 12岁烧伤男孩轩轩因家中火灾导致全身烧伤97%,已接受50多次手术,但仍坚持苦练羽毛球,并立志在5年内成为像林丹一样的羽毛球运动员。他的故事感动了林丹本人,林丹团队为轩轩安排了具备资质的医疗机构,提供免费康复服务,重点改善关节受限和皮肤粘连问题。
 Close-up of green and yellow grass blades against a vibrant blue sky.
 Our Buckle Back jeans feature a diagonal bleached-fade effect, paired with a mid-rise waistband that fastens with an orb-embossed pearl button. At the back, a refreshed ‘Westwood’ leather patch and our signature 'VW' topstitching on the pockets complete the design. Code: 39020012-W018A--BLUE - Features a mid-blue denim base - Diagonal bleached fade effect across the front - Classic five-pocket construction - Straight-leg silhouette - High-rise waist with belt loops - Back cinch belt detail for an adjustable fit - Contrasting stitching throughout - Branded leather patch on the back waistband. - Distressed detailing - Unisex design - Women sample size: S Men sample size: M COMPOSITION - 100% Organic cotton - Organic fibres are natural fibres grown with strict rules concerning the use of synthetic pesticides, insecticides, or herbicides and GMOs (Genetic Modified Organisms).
==
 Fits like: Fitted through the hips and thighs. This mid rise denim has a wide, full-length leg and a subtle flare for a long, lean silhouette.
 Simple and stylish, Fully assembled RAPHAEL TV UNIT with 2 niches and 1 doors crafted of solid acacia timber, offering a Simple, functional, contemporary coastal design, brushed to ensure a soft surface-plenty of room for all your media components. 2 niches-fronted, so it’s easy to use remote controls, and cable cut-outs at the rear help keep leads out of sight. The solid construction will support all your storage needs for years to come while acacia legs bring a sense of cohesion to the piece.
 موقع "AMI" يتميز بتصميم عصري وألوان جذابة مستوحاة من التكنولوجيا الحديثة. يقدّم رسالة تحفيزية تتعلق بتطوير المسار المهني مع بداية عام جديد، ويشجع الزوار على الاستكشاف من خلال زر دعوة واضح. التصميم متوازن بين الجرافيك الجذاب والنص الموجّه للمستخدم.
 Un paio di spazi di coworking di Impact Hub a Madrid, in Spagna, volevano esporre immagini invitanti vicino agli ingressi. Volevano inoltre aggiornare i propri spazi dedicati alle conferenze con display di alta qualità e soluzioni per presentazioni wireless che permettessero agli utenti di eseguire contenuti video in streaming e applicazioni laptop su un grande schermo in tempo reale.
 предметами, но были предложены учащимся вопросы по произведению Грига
---
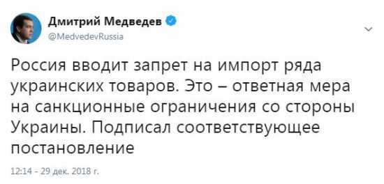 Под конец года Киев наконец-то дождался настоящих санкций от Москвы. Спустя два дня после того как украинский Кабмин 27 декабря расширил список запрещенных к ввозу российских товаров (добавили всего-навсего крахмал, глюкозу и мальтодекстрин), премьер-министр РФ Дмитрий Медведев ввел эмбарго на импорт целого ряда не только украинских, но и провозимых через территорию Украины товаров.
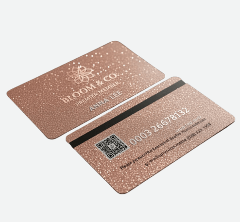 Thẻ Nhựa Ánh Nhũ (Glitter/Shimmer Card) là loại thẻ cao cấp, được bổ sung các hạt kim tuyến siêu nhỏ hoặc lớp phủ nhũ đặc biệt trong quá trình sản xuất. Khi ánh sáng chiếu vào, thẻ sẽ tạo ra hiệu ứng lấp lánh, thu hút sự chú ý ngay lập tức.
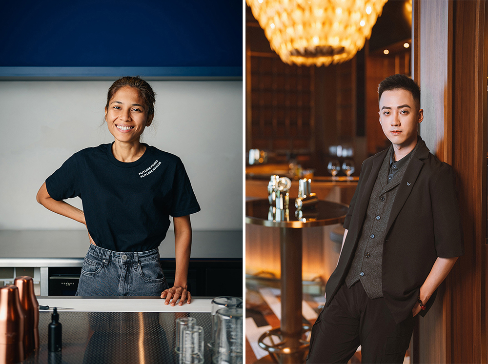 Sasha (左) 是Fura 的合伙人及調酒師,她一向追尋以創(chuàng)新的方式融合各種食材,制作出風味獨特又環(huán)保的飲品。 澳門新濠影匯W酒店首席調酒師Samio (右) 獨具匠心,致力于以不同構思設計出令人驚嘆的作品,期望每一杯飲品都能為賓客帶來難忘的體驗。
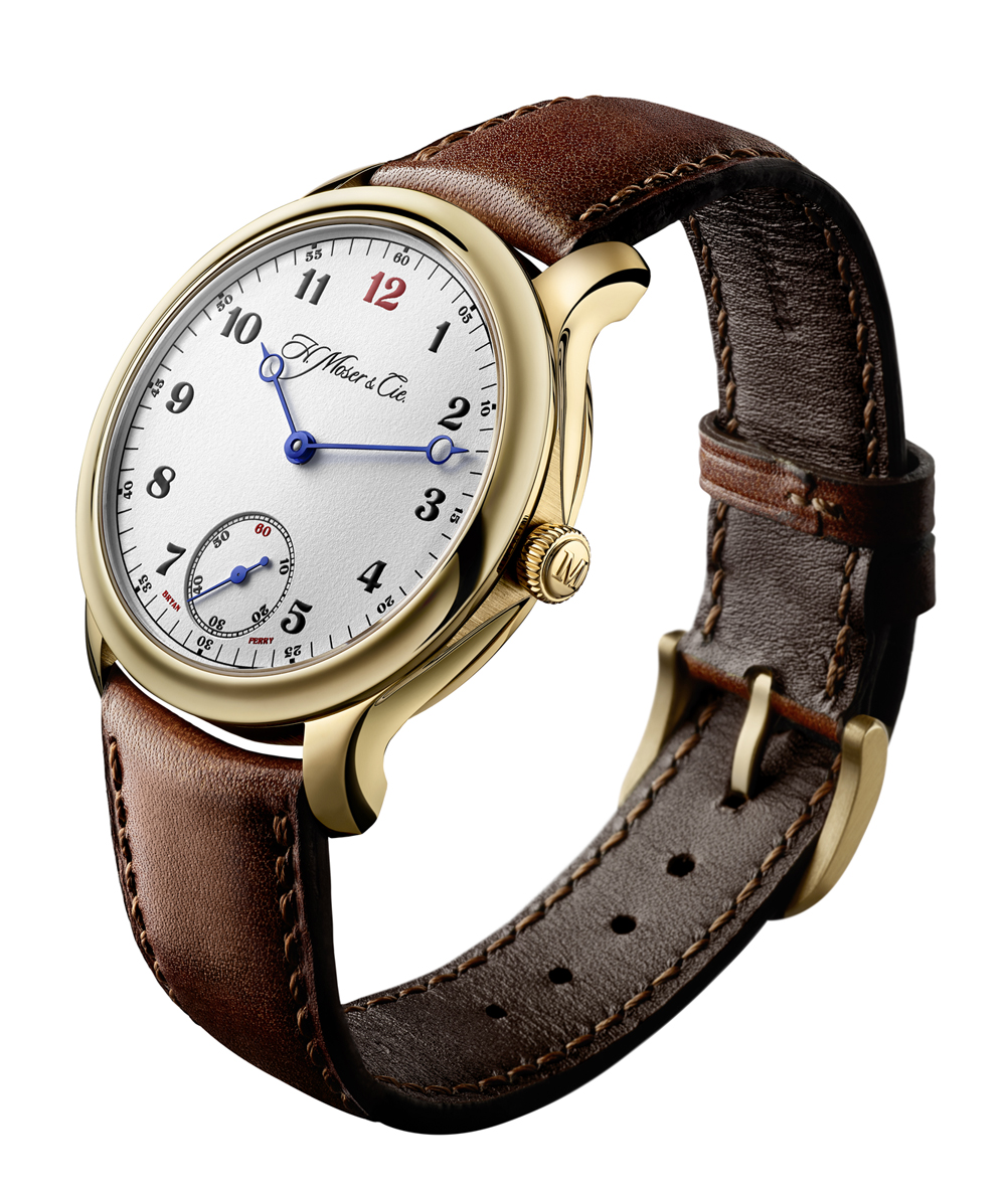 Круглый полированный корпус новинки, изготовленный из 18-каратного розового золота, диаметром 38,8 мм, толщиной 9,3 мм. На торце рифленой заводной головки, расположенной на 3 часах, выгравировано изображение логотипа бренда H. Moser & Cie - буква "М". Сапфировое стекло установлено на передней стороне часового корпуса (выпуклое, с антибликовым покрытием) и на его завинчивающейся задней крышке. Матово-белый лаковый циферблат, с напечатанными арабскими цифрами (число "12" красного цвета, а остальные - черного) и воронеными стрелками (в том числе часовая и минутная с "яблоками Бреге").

Exercise directions:
Restate word for word only the lines above from the line containing "12岁烧伤男孩轩轩因家中火灾" to the line containing "Our Buckle Back", both of them included.

Answer for the task:
 12岁烧伤男孩轩轩因家中火灾导致全身烧伤97%,已接受50多次手术,但仍坚持苦练羽毛球,并立志在5年内成为像林丹一样的羽毛球运动员。他的故事感动了林丹本人,林丹团队为轩轩安排了具备资质的医疗机构,提供免费康复服务,重点改善关节受限和皮肤粘连问题。
 Close-up of green and yellow grass blades against a vibrant blue sky.
 Our Buckle Back jeans feature a diagonal bleached-fade effect, paired with a mid-rise waistband that fastens with an orb-embossed pearl button. At the back, a refreshed ‘Westwood’ leather patch and our signature 'VW' topstitching on the pockets complete the design. Code: 39020012-W018A--BLUE - Features a mid-blue denim base - Diagonal bleached fade effect across the front - Classic five-pocket construction - Straight-leg silhouette - High-rise waist with belt loops - Back cinch belt detail for an adjustable fit - Contrasting stitching throughout - Branded leather patch on the back waistband. - Distressed detailing - Unisex design - Women sample size: S Men sample size: M COMPOSITION - 100% Organic cotton - Organic fibres are natural fibres grown with strict rules concerning the use of synthetic pesticides, insecticides, or herbicides and GMOs (Genetic Modified Organisms).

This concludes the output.